_WHAT THE EXERCISE ASKS:_ As the answer, give exactly the lines of the records below from the one with "Curves Ahead by" through the one with "on rim. (8.5).", ends included and pictures left out.
DATA FOR REVIEW below:
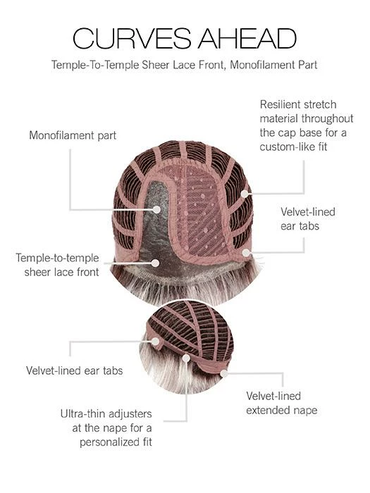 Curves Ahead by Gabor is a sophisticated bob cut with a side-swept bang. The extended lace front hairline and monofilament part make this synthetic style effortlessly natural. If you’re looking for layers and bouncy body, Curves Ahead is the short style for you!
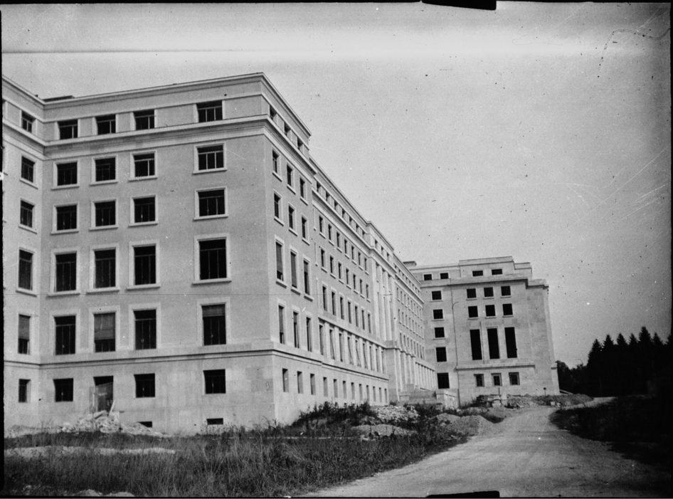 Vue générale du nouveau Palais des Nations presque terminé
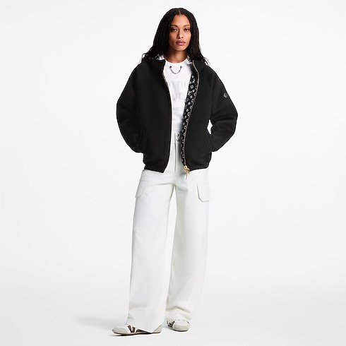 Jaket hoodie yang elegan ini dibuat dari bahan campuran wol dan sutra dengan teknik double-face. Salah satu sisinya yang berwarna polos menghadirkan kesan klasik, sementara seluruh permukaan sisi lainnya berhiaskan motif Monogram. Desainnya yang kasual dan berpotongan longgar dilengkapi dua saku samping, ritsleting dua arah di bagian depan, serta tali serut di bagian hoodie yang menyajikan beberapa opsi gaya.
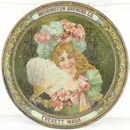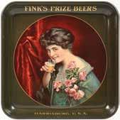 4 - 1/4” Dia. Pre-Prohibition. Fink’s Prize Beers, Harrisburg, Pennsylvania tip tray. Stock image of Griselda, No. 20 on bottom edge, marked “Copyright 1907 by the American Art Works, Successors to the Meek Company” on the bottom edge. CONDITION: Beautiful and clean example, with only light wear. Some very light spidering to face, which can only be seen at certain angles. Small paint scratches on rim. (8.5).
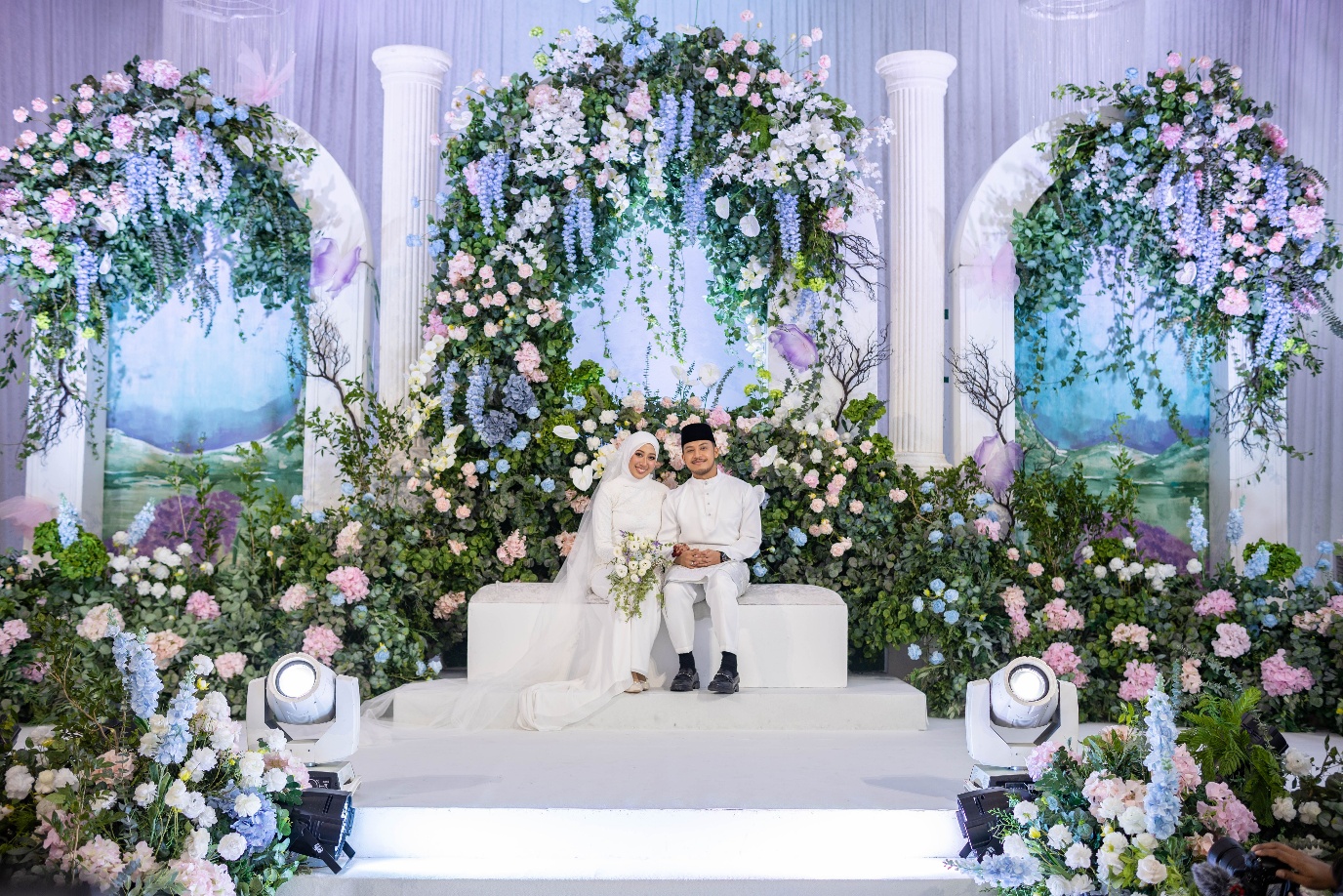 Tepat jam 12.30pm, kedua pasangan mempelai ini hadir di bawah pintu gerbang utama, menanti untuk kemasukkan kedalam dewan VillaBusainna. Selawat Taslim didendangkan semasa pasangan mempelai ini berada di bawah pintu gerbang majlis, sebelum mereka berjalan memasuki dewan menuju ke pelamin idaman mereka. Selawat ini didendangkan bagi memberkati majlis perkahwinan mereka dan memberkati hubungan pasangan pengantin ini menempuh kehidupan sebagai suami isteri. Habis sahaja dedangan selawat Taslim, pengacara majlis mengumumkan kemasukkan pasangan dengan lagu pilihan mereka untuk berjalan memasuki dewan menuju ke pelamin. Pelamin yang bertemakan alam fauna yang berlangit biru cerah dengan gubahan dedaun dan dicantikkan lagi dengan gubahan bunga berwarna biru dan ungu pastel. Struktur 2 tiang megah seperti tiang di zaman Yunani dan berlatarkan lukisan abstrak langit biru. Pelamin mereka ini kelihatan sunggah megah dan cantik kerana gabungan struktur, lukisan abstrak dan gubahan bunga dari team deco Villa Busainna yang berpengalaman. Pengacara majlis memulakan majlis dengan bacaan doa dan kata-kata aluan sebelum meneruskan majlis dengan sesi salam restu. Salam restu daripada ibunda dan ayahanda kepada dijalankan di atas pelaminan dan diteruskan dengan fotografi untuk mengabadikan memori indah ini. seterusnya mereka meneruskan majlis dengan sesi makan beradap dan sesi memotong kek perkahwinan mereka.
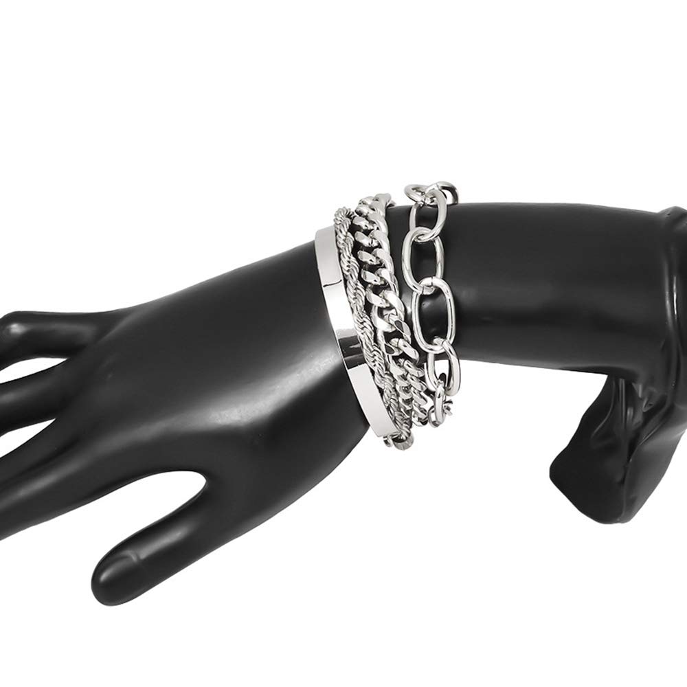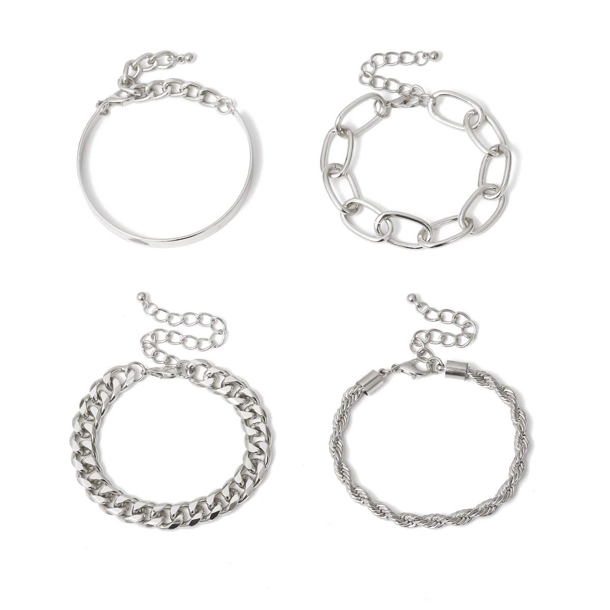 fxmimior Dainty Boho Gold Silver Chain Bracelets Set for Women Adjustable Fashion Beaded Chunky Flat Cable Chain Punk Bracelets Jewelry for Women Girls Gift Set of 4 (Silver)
End of DATA FOR REVIEW.
DATA FOR REVIEW below:
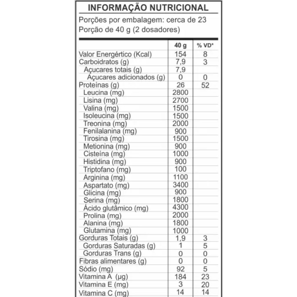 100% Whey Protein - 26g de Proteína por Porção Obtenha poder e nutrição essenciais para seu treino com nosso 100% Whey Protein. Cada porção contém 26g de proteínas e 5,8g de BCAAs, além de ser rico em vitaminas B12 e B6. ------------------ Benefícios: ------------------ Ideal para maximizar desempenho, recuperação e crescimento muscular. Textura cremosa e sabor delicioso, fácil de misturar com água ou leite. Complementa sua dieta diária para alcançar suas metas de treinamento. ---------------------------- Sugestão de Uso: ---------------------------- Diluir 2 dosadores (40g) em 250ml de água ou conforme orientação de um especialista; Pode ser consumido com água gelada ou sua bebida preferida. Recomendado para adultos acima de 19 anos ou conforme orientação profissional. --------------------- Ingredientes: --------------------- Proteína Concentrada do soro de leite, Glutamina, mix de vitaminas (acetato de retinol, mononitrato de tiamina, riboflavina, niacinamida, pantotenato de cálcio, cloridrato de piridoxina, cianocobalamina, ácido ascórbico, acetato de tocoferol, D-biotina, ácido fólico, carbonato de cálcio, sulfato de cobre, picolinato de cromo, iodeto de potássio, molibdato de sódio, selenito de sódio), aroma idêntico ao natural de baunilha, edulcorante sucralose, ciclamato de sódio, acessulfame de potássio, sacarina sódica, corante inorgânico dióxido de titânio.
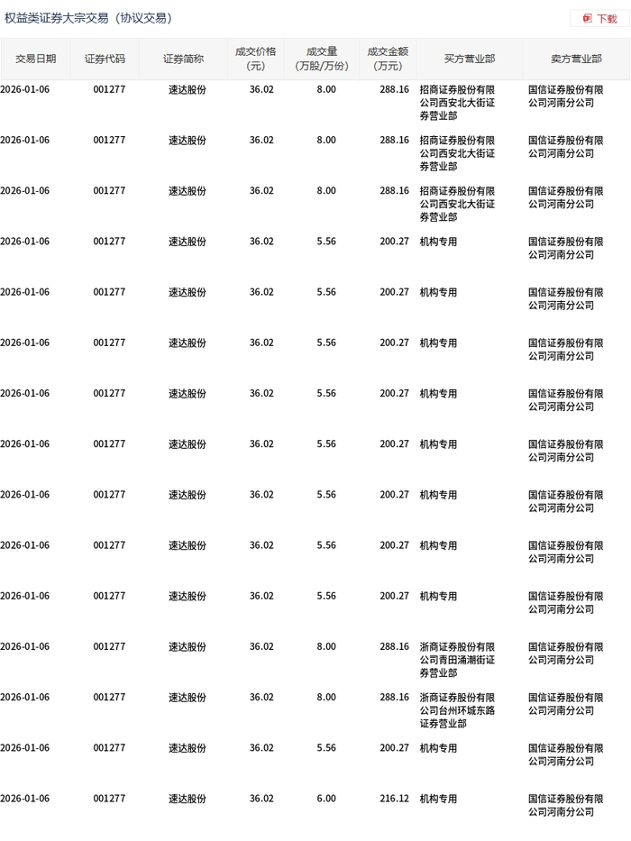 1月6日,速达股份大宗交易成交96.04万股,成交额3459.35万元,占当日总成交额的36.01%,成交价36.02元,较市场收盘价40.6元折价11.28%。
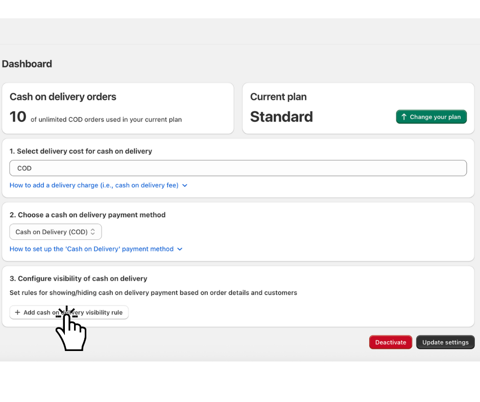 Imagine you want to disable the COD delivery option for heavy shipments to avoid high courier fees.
End of DATA FOR REVIEW.
_TASK RESULT:_
 Curves Ahead by Gabor is a sophisticated bob cut with a side-swept bang. The extended lace front hairline and monofilament part make this synthetic style effortlessly natural. If you’re looking for layers and bouncy body, Curves Ahead is the short style for you!
 Vue générale du nouveau Palais des Nations presque terminé
 Jaket hoodie yang elegan ini dibuat dari bahan campuran wol dan sutra dengan teknik double-face. Salah satu sisinya yang berwarna polos menghadirkan kesan klasik, sementara seluruh permukaan sisi lainnya berhiaskan motif Monogram. Desainnya yang kasual dan berpotongan longgar dilengkapi dua saku samping, ritsleting dua arah di bagian depan, serta tali serut di bagian hoodie yang menyajikan beberapa opsi gaya.
 4 - 1/4” Dia. Pre-Prohibition. Fink’s Prize Beers, Harrisburg, Pennsylvania tip tray. Stock image of Griselda, No. 20 on bottom edge, marked “Copyright 1907 by the American Art Works, Successors to the Meek Company” on the bottom edge. CONDITION: Beautiful and clean example, with only light wear. Some very light spidering to face, which can only be seen at certain angles. Small paint scratches on rim. (8.5).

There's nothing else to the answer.